# Jump to other code in boot 0



## masghari (Jan 10, 2010)

Is it possible to have some code in a desired location of the hard disk and modify the boot0 code in a way that it jumps to that location, executes the program and returns to it's previous location? I believe there's not much space remained in boot0 to add more commands, but can this be done only using a "call" or is it more complicated then I think?


----------



## Alt (Jan 10, 2010)

You must load 'desired location of the hard disk' into memory before..


----------



## Beastie (Jan 10, 2010)

Of course you can, but the entire code must be in the first, unused, track or else you may overwrite something important in your filesystem or the system may later overwrite your code.

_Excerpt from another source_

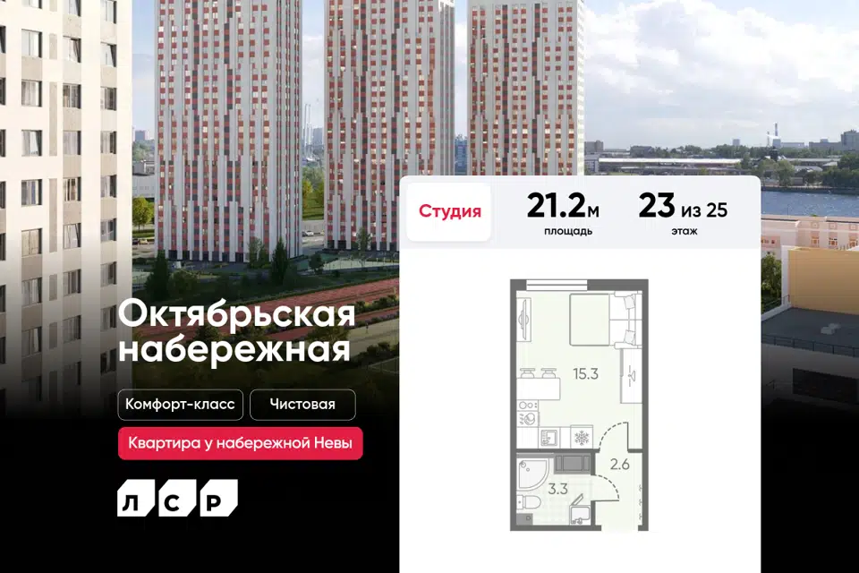 Студия, 21.2 м², 23/25 этаж

In brief:
1. Move some of the boot0 code to your own boot0bis.
2. In the now free space in boot0, add BIOS code to read* boot0bis into a free memory location** and a jmp to that location.
3. In boot0bis, run the boot0 code you've previously moved, and at the end, add a jmp to jump back to boot0's memory location (0x600).

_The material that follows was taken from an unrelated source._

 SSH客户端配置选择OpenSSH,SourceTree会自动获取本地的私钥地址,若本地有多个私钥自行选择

* /usr/src/sys/boot/i386/boot0/boot0ext.S already contains such code at line 350.
Check Ralf Brown's Interrupt List for more information on int 0x13, function 2.

** Make sure you don't overwrite anything vital (e.g. IDT, GDT, etc.)
You can get a small memory map for FreeBSD at the beginning of /usr/src/sys/boot/i386/boot2/boot1.S (*Memory Locations* comment).


----------



## aragon (Jan 11, 2010)

masghari said:
			
		

> I believe there's not much space remained in boot0 to add more commands


The whole point of boot0's design is to make it fit in 446 bytes.  Of course it is possible to make a boot loader jump to another location on the disk, but if you're considering labouring through adding that functionality you should know that there are already a few boot loaders like sysutils/grub that work precisely like that.


----------